▸ RECORDS SHOWN
>>

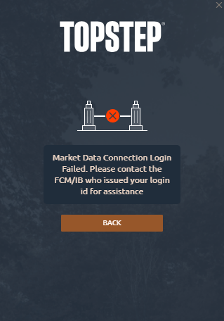 Market Data Connection Login Failed. Please contact the FCM/IB who issued your login id for assistance.
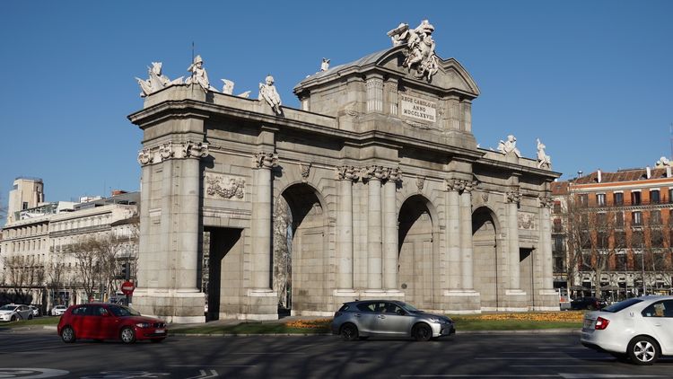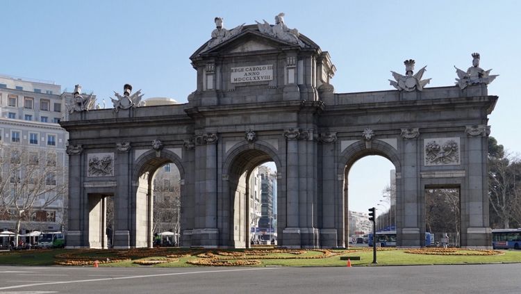 独立广场中心是1778年兴建的阿尔卡拉凯旋门 (Puerta de Alcalá)。比1806年开始建的巴黎凯旋门还要早。
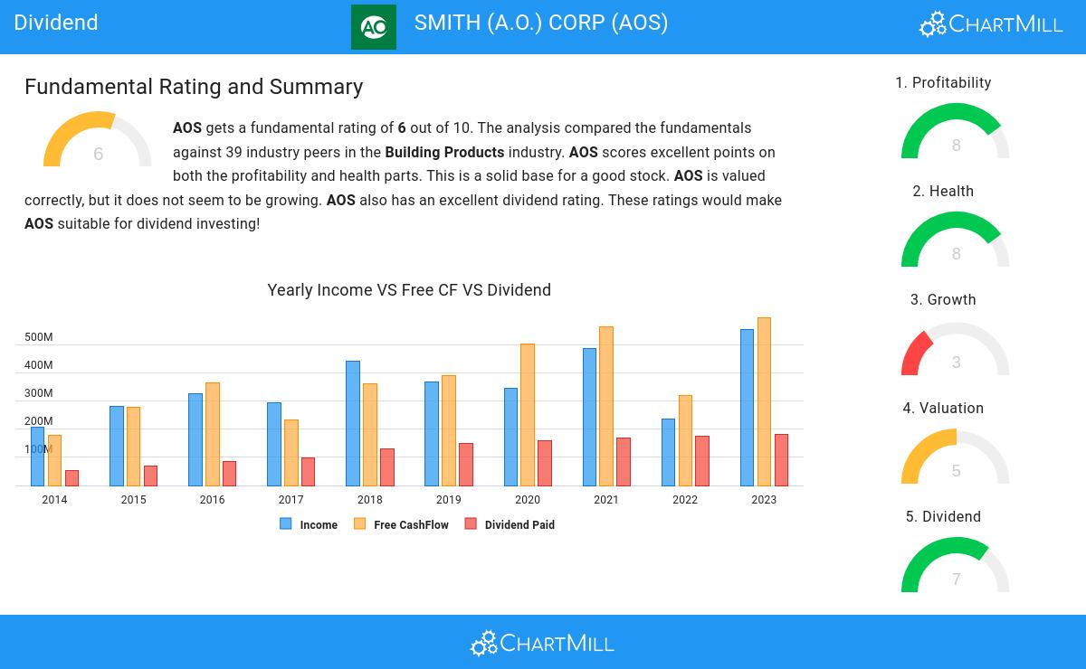 ChartMill assigns a Dividend Rating to each stock, ranging from 0 to 10. This rating is calculated by analyzing various dividend elements, such as yield, historical performance, dividend growth, and sustainability. NYSE:AOS has been awarded a 7 for its dividend quality:
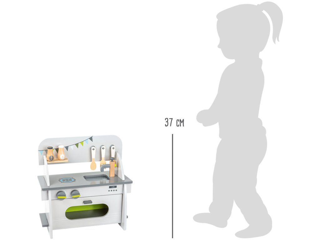 Vaření může začít! Tato kompletně vybavená kuchyňka vyrobená z FSC® 100% certifikovaného dřeva má vše, co mladí kuchaři potřebují pro přípravu hostiny. Trouba je vybavena vhodnými otvíracími dvířky. Na sporáku se nachází hrnec s odnímatelnou pokličkou. Solnička a pepřenka poskytují potřebné koření. Tuto kuchyň lze sestavit a rozebrat bez použití nářadí. Kdo by s touto kuchyňkou nechtěl vařit? Hlavní vlastnosti: kompaktní rozměry, součástí je příslušenstvíjednoduchý elelgantní design, který se hodí do jakéhokoliv pokojetrouba se zavírá a otevírá pomocí magnetu při točení knoflíků na sporáku se ozývá klikání Značka a certifikát FSC® (Forest Stewardship Council) zaručuje, že dřevo, ze kterého byl produkt vyroben, nebylo vytěženo nelegálně a pochází z lesů obhospodařovaných šetrným či přírodě blízkým způsobem, ve kterém jsou dodržovány přísné environmentální a sociální požadavky. Značka FSC® na výrobku znamená, že svým nákupem pomáháte chránit lesy a podporujete šetrné, odpovědné či přírodě blízké hospodaření, díky kterému jsou naše lesy stabilnější, zdravější, mají přirozenou druhovou skladbu a lépe odolávají negativním následkům klimatických změn.Doplňkové parametry
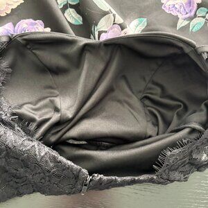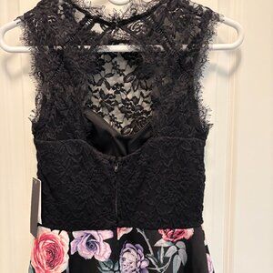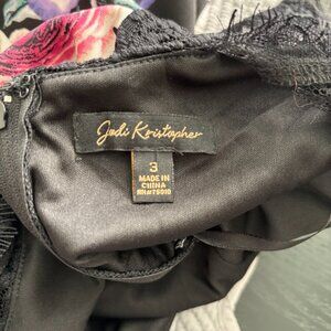 Jodi Kristopher lace top fit and flare dress. Built in black bra under the lace top. Keyhole in back with one snap at neck. Bottom skirt is polyester. Lace top is a blend of polyester, nylon, spandex blend. Approx. measurements: pit to pit 15", waist across front 12.5", shoulder to waist 15.5", shoulder to bottom hem 34". New with tags.
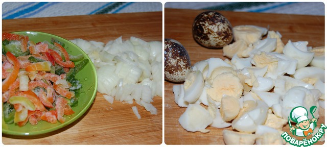 Лук, перец, мелко порежьте. Перепелиные яйца отварите, очистите и порежьте на четвертинки. Крабовые палочки нарежьте на кусочки, примерно, в сантиметр.
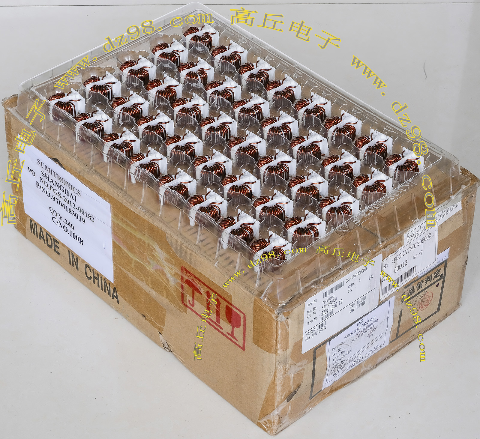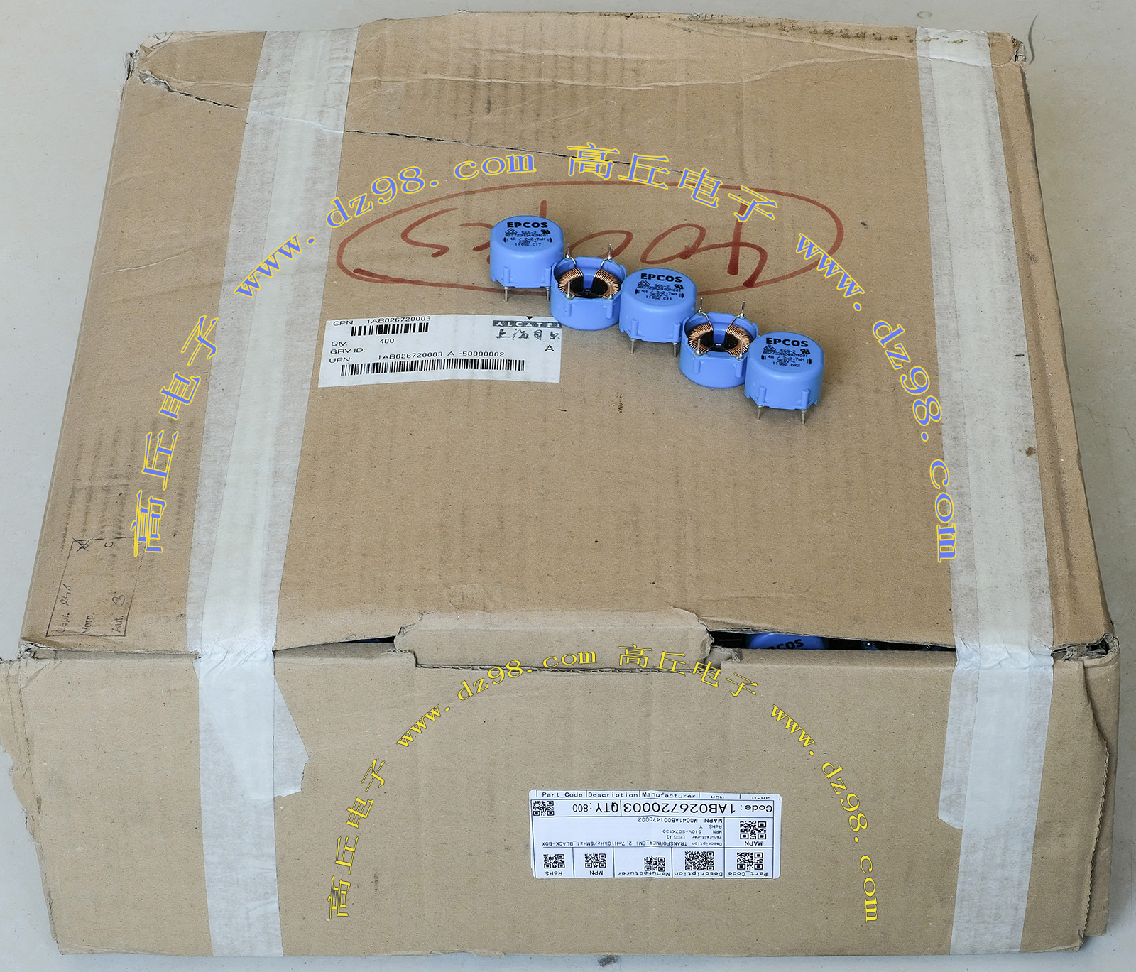 HKBS-12D090-2910RS电感器 全新原装品,产地:日本,每盒包装数量50只,电感量约300uH,漆包线直径0.9mm,磁环直径20mm,重量约25克。外形大概体积:27mm x 18mm x 高26mm。 |
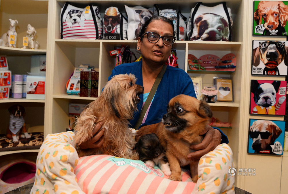 Veena Patel抱着自己的宠物狗在Critterati奢华宠物酒店内接受记者访问。
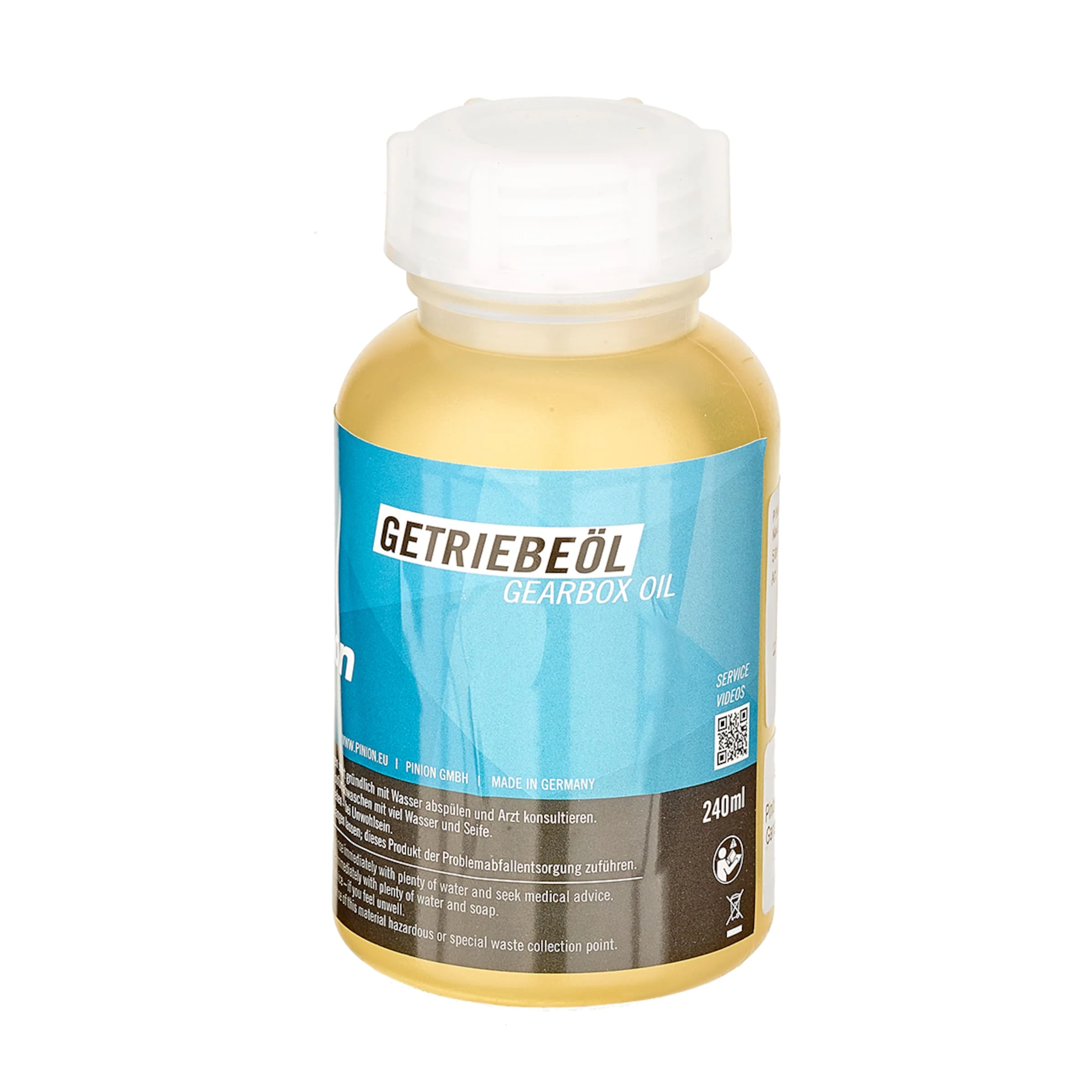 Oil change kit includes a 60 ml bottle (enough for 1 oil change) of genuine Pinion 4 season gearbox oil. The bottle features an applicator tip that fits the oil fill port of Pinion C-Line gearboxes used on all Priority models.

<<

▸ WORK REQUIRED
Lines wanted from the entries above: the one with "Лук, перец, мелко", the one with "Veena Patel抱着自", and all lines between. Please copy them exactly, without the pictures and without anything else.

▸ EXERCISE ANSWER
 Лук, перец, мелко порежьте. Перепелиные яйца отварите, очистите и порежьте на четвертинки. Крабовые палочки нарежьте на кусочки, примерно, в сантиметр.
 HKBS-12D090-2910RS电感器 全新原装品,产地:日本,每盒包装数量50只,电感量约300uH,漆包线直径0.9mm,磁环直径20mm,重量约25克。外形大概体积:27mm x 18mm x 高26mm。 |
 Veena Patel抱着自己的宠物狗在Critterati奢华宠物酒店内接受记者访问。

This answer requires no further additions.